In all honesty, I find it quite difficult not to let negative thoughts consume me. Sometimes it hits you like a punch in the gut: “being an intern for a magazine and making coffee runs won’t get me anywhere in life” or “how did I even write this piece” or “this joke isn’t a real joke, Naomi” (you get the point). I feel I’ve had my fair share of ill-inspired nights. Nights like tonight where I write this article and will rest my head knowing that at least I am brutally honest with myself. And at the end of the night, there are emotions, boys and dreams to pull inspiration from -- so pick your poison.
For those who write, do not stop. Tear it all apart just to build it back up, without letting your doubts get to you. Although your words might not always flow like honey off a babies bum (graphic, I know), it is completely yours to fiddle with and recreate until your pen runs dry. It is where you can escape empty small talk and scream without any effort of lungs. I hope you read yourself well enough to express your idiosyncratic style, devilishly partnering with lack of sleep.

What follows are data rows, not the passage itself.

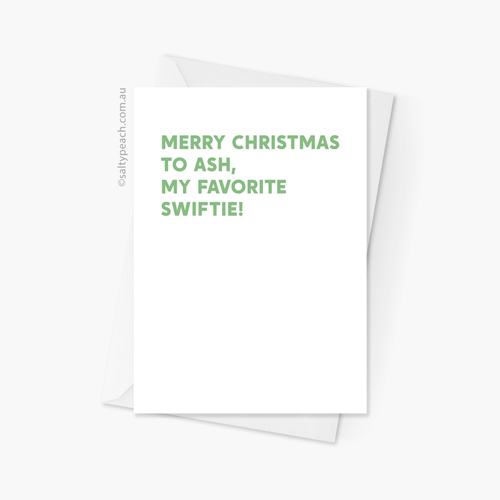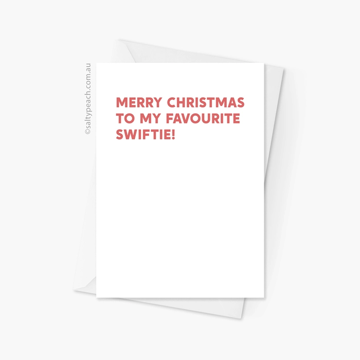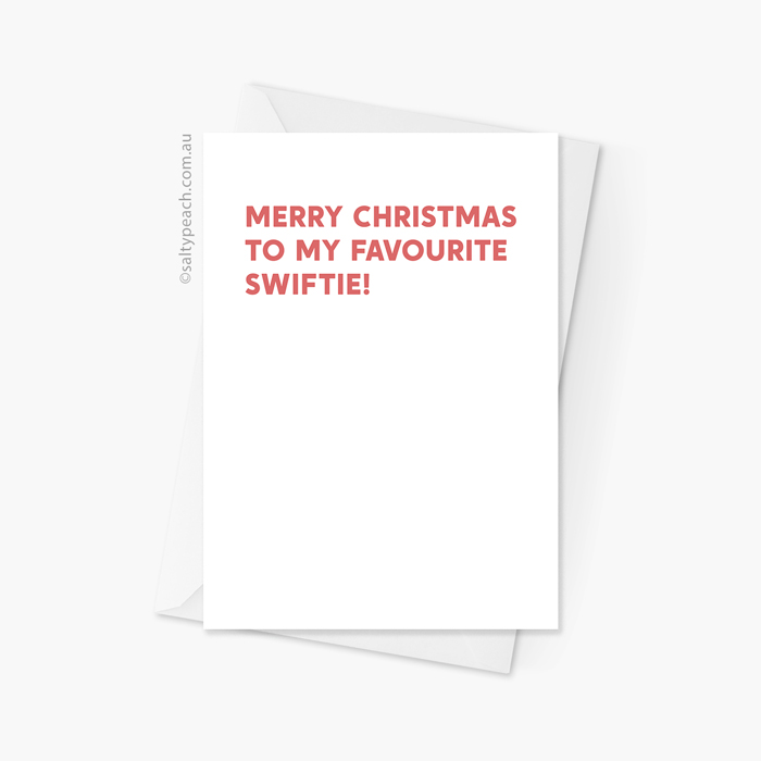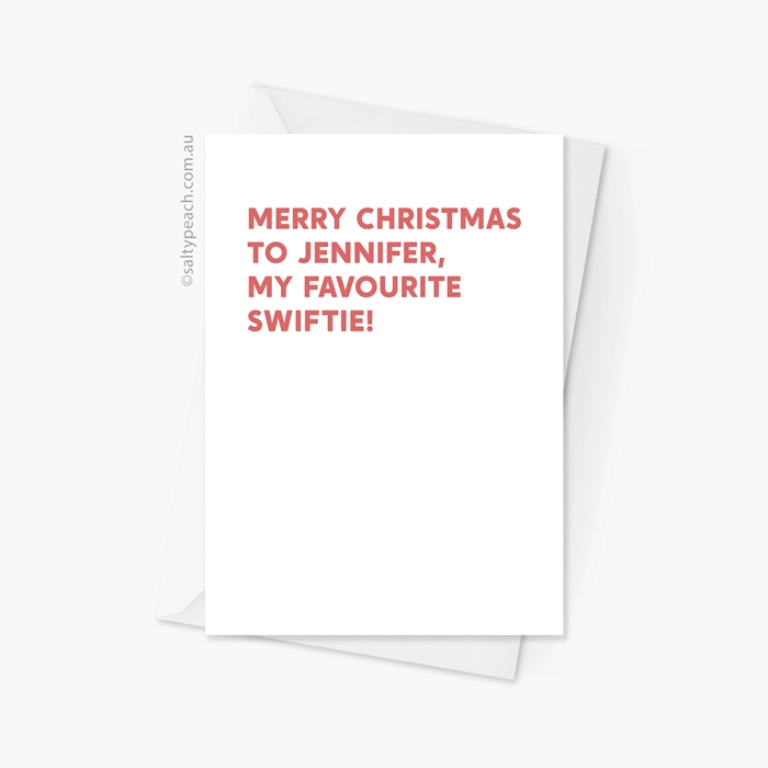 Choose whether to send this Favourite Swiftie Christmas card directly to you or the recipient. Please select the appropriate option and enter their address during checkout, otherwise it will be sent to you. We can also add a personalised message on the inside (typed, not handwritten) at no extra charge. “Favorite” spelling also available.
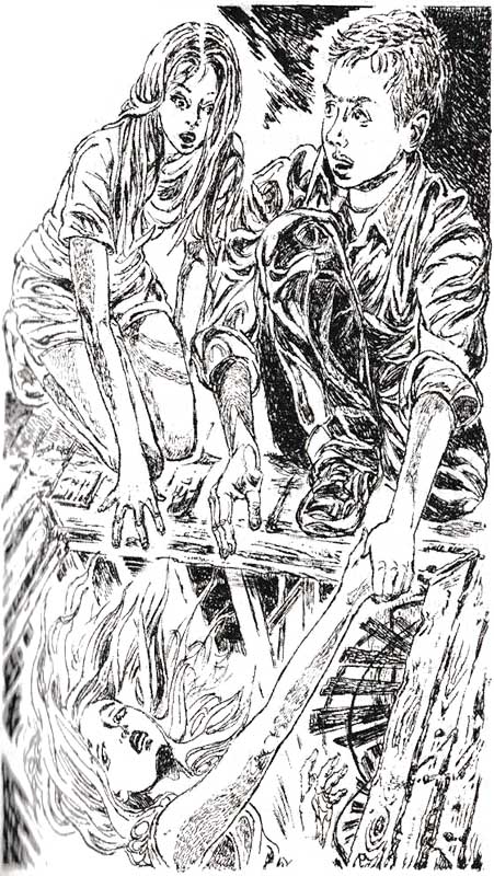 По какой-то таинственной случайности его луч был направлен не в сторону океана, а на лестницу. Часовщик успел спуститься на несколько ступенек, когда вспыхнул ослепительный свет, но Синди еще только шагнула к люку. И внезапный свет на какое-то время лишил ее зрения, как и остальных. И вместо того, чтобы шагнуть на ступеньку, она, споткнувшись, скользнула через край люка. Адам увидел слева от себя темное падающее пятно и услыхал крик. Не размышляя, он рванулся поймать ее.
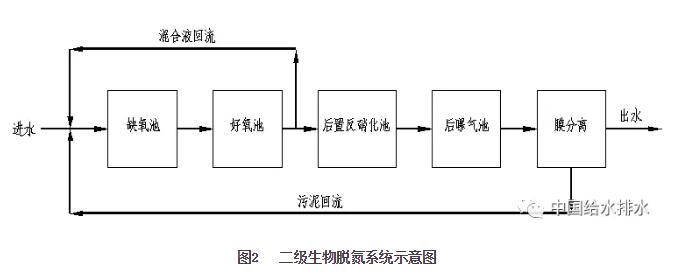 事實(shí)上經(jīng)過(guò)單級(jí)生物脫氮處理后,出水中仍會(huì)含有一定量的硝酸鹽,尤其是進(jìn)水氨氮濃度高的情況下,出水中硝酸鹽的含量會(huì)更高,總氮也相應(yīng)偏高。在出水對(duì)總氮有嚴(yán)格要求的地區(qū),為保證出水總氮達(dá)標(biāo),在單級(jí)生物脫氮后再增設(shè)后置反硝化池和后曝氣池,亦即二級(jí)生物脫氮系統(tǒng),通過(guò)投加外加碳源,利用微生物的硝化和反硝化反應(yīng)進(jìn)一步去除剩余的硝酸鹽,進(jìn)而達(dá)到提高總氮去除率的目的。

It’s all a part of my peculiar little process: the realization that writing is my own form of art and only really needs to seek approval from my eyes (and the senior editor if we decide to be technical). I am coming to terms with my inkless pens and crumpled pages. All the “once was” epiphanies until proven otherwise to me. All the love stories written for someone in love with me, yet he had no name. I am coming to terms with the embarrassing mess I have made of blank pages. Now knowing that if I start and don’t finish where I want to be, there will always be more pens, and paper grows on trees.